FileNotFoundError – If the output directory does not exist

Examples:

>>> # Using ExperimentPaths:
>>> exp = create_experiment("my_experiment")
>>> generate_performance_dfg(event_log, exp)
Performance DFG saved as: experiments/my_experiment/img/dfg_performance.png
>>> # Using direct path:
>>> generate_performance_dfg(event_log, "output/visualizations")  # Directory must exist
Performance DFG saved as: output/visualizations/dfg_performance.png
langgraph_compare.visualize.generate_prefix_tree(event_log: DataFrame, output_dir: ExperimentPaths | str) None[source]

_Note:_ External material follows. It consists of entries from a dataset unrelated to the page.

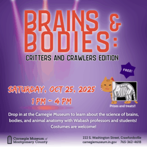 October 28, 2023 | Visit the Carnegie Museum to learn about brains and bodies with Wabash College professors and students. Join us for this FREE
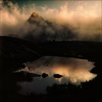 На фотографии небольшая лужица дождевой воды под перевалом Загедан, с которого открывается потрясающий вид на систему из пяти озёр, лежащих чуть ниже. Нам повезло, сразу после подъема наверх из ущелья стали подниматься облака, которые и закрывают пик на снимке.
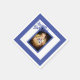 A blue and white photo napkin for a boy. A blue frame and white background. Blue coloured letters and the text: Happy Birthday! A template for Your photo of birthday child.
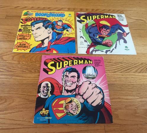 Attention Superman fans!! I have 3 vinyl albums featuring 9 stories. Two are from 1978 and the other 1975. One has album with two stories that are also depicted in comic book style All in very good...
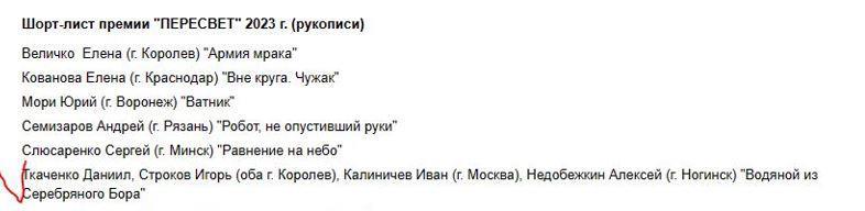 попал в шорт-лист премии ПЕРЕСВЕТ
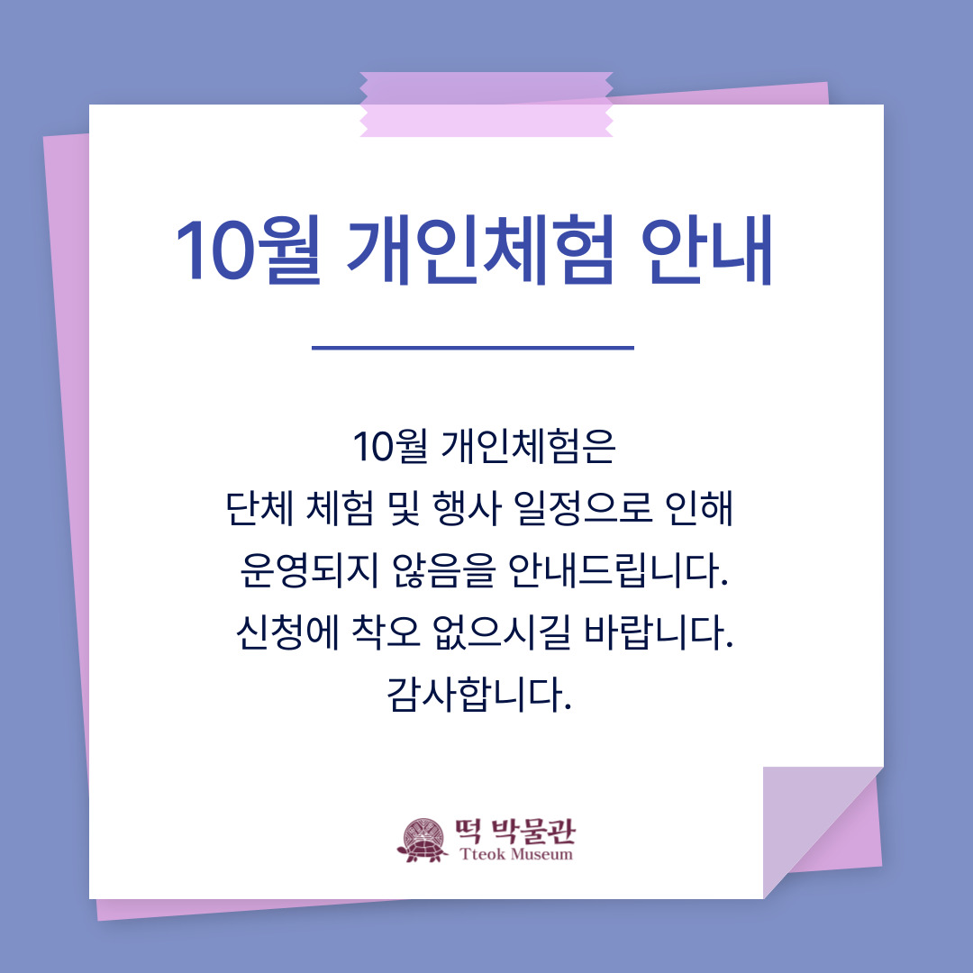 10월 개인체험 안내
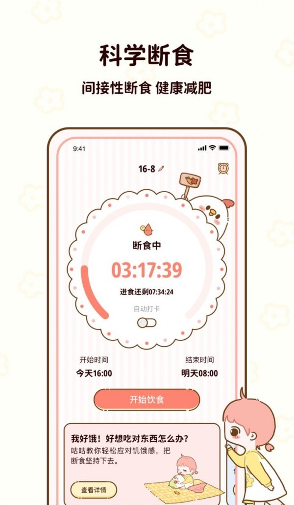 咕咕轻断食App是一款减肥工具,主要的方式是以轻断食来管理用户每天的进食量。软件中含有智能ai的算法,能够为用户提供健康科学的轻断食方案,不仅注重了餐饮的组合搭配之间的营养价值,也注重了用户吃食时候的口感,软件为用户提供了个性化的定制服务,能够真正感受到自己在慢慢瘦下来。
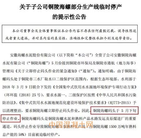 2018年6月12日,安徽海螺水泥股份有限公司發布關于子公司銅陵海螺部分生產線臨時停產的提示性公告,稱由于銅陵海螺碼頭處于銅陵市三水廠取水口二級保護區范圍內,根據生態環境部、水利部于2018 年 3 月 9 日聯合下發的《全國集中式飲用水水源地環境保護專項行動方案》(環環監〔2018〕25 號),要求水源一、二級保護區按照《中華人民共和國水污染防治法》、《集中式飲用水水源地規范化建設環境保護技術要求》(HJ773-2015)予以清理整治,要求銅陵海螺立即停止碼頭作業。

Generate and save a prefix tree visualization.

Parameters:
  • event_log (pd.DataFrame) – Event log data

  • output_dir (Union[ExperimentPaths, str]) – ExperimentPaths instance or directory path where visualization will be saved

Raises:

FileNotFoundError – If the output directory does not exist

Examples:

>>> # Using ExperimentPaths:
>>> exp = create_experiment("my_experiment")
>>> generate_prefix_tree(event_log, exp)
Prefix Tree saved as: experiments/my_experiment/img/prefix_tree.png
>>> # Using direct path:
>>> generate_prefix_tree(event_log, "output/visualizations")  # Directory must exist
Prefix Tree saved as: output/visualizations/prefix_tree.png
langgraph_compare.visualize.generate_visualizations(event_log: DataFrame, graph: CompiledStateGraph, output_dir: ExperimentPaths | str) None[source]

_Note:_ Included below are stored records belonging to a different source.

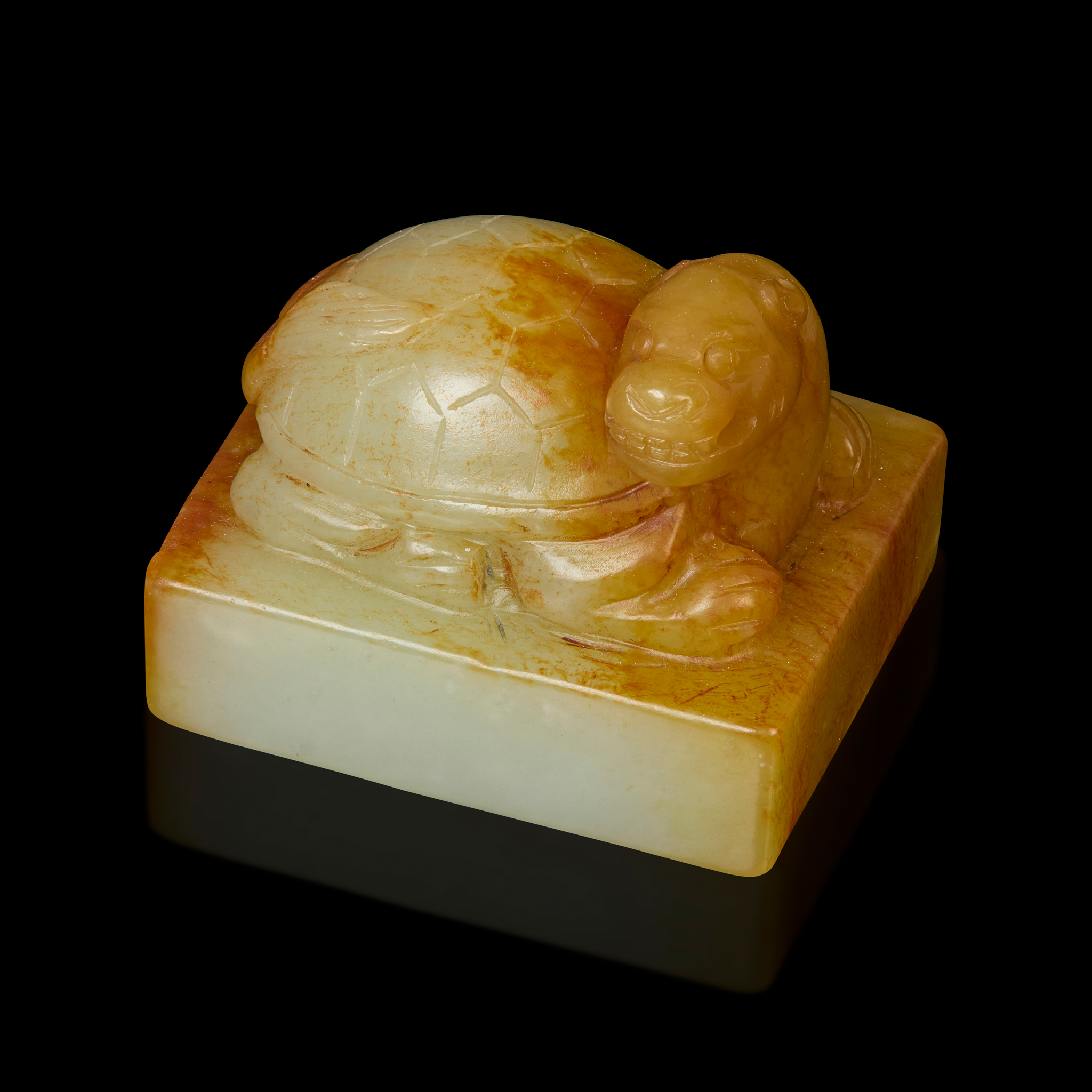 carved with a tortoise finial seated on a rectangular plinth, the seal front carved ‘Su Yanhe yin’, the stone of pale celadon colour with russet inclusions
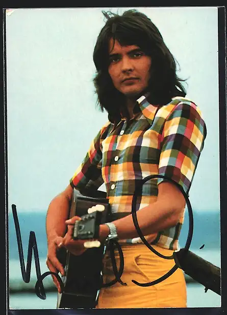 AK Musiker Bernd Clüver mit Gitarre, Autograph
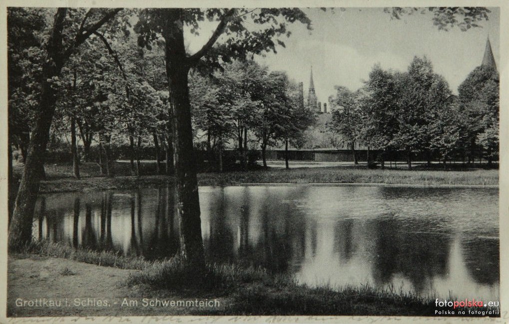 1940 , Widok w stronę centrum miasta od stawu hodowlanego ( dawniej Schwemmteich) przy Potoku Lubeckim w okolicy ul. Szpitalnej. Na wprost: ratusz i kominy palarni kawy a po prawej wieża kościoła ewangelickiego. |
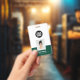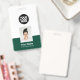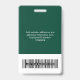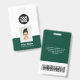 Easily personalise this Custom Employee Name Badge with Photo, Scan Bar Code and large business logo. A simple business design in dark green and white colours fully customisable in front and back sizes, sans-serif basic and modern fonts and a professional and clear look. Avaiable with lanyard, metal clip or with retractable. No minimum order.
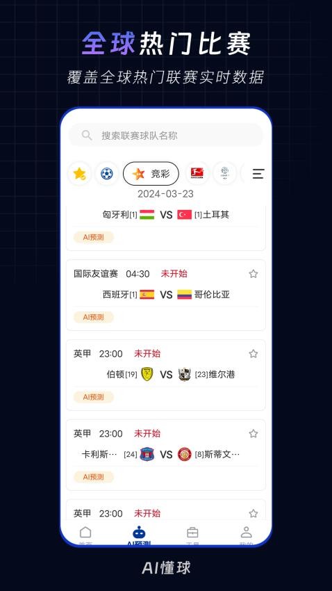 整合英超、西甲、欧冠等60+顶级联赛赛事资源,实时更新赛事日程与转播信息,支持用户自定义关注联赛与球队。2、智能预测系统
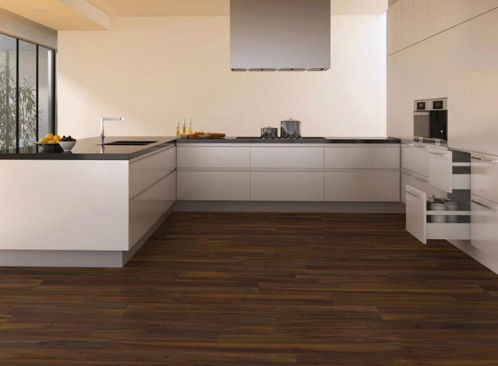 اللامينيت مثالي لتركيب التدفئة تحت الأرضية في المطبخ. العيب الخطير للأرضيات الخشبية هو مقاومتها المنخفضة للرطوبة. يتطلب وضع الأرضيات الخشبية في المطبخ وجود ذراع تسوية عالي الجودة في القاعدة. اليوم ، يتم إنتاج مادة عالية الجودة بخصائص ممتازة مضادة للماء..
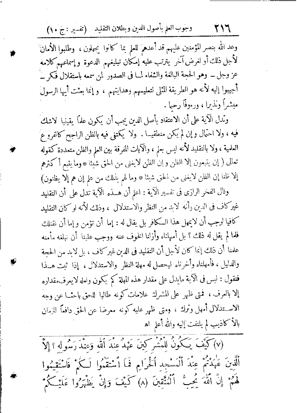 وَلَهُ مِنَ الْعِبْرَةِ فِي الْآيَةِ التَّالِيَةِ مَا يَجْعَلُ هَذِهِ الْمَعَانِيَ الْمَعْقُولَةَ مُشَاهَدَةً مَاثِلَةً، وَالدَّلَائِلَ الشَّرْعِيَّةَ وَقَائِعَ حِسِّيَّةً، فِي آثَارِ النَّبِيِّ الْمُخْتَارِ، وَإِيثَارِ الْأَنْصَارِ، وَالْفَرْقِ بَيْنَ الْمُؤْمِنِينَ الرَّاسِخِينَ مِنْهُمْ وَمِنَ الْمُهَاجِرِينَ، وَبَيْنَ الْمُؤَلَّفَةِ قُلُوبُهُمْ وَالْمُنَافِقِينَ، فِيمَا كَانَ مِنْ خِذْلَانٍ وَهَزِيمَةٍ، وَمِنْ نَصْرٍ وَغَنِيمَةٍ.
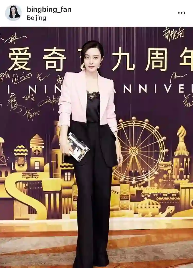 范冰冰在Instagram分享出席爱奇艺九周年庆典的照片
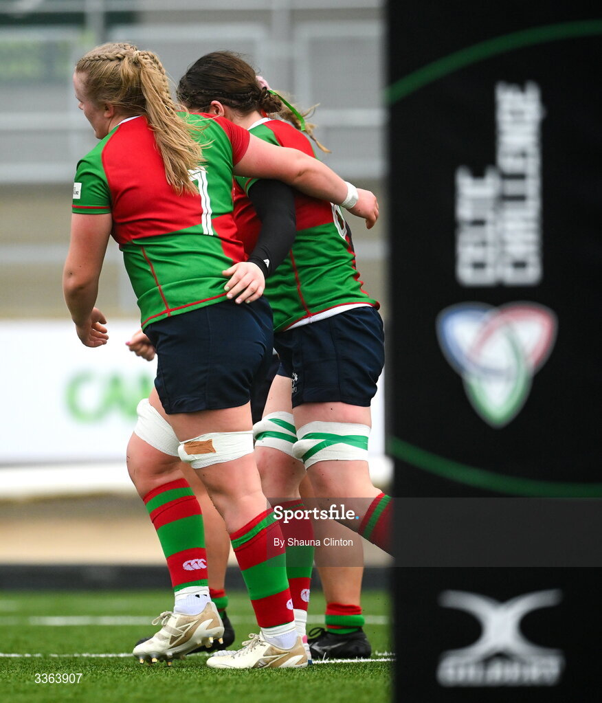 21 February 2026; Jemima Adams Verling of Clovers, right, is congratulated by team-mate Ailish Quinn, 7, after scoring their side's second try during the Celtic Challenge Round 8 match between Clovers and Edinburgh Rugby at Dexcom Stadium in Galway. Photo by Shauna Clinton/Sportsfile
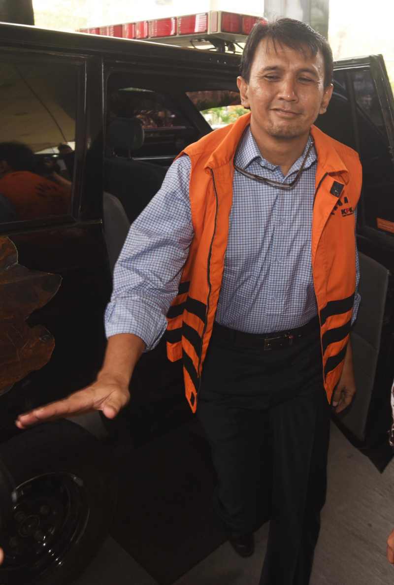 Gubernur Sumatera Utara Gatot Pujo Nugroho tiba di Gedung KPK untuk menjalani pemeriksaan di Jakarta, Jumat (25/9). Tersangka kasus dugaan suap hakim dan panitera PTUN Medan itu diperiksa oleh KPK guna mengembangkan penyelidikan kasus baru dugaan suap interpelasi di DPRD Sumatera Utara. ANTARA FOTO/Akbar Nugroho Gumay

Generate and save all process visualizations.

Parameters:
  • event_log (pd.DataFrame) – Event log data

  • graph (CompiledStateGraph) – Compiled state graph

  • output_dir (Union[ExperimentPaths, str]) – ExperimentPaths instance or directory path where visualizations will be saved

Raises:

FileNotFoundError – If the output directory does not exist

Examples:

>>> # Using ExperimentPaths:
>>> exp = create_experiment("my_experiment")
>>> generate_visualizations(event_log, graph, exp)
Generating all visualizations...
Mermaid saved as: experiments/my_experiment/img/mermaid.png
Prefix Tree saved as: experiments/my_experiment/img/prefix_tree.png
Performance DFG saved as: experiments/my_experiment/img/dfg_performance.png
All visualizations generated successfully!
>>> # Using direct path:
>>> generate_visualizations(event_log, graph, "output/visualizations")  # Directory must exist
Generating all visualizations...
Mermaid saved as: output/visualizations/mermaid.png
Prefix Tree saved as: output/visualizations/prefix_tree.png
Performance DFG saved as: output/visualizations/dfg_performance.png
All visualizations generated successfully!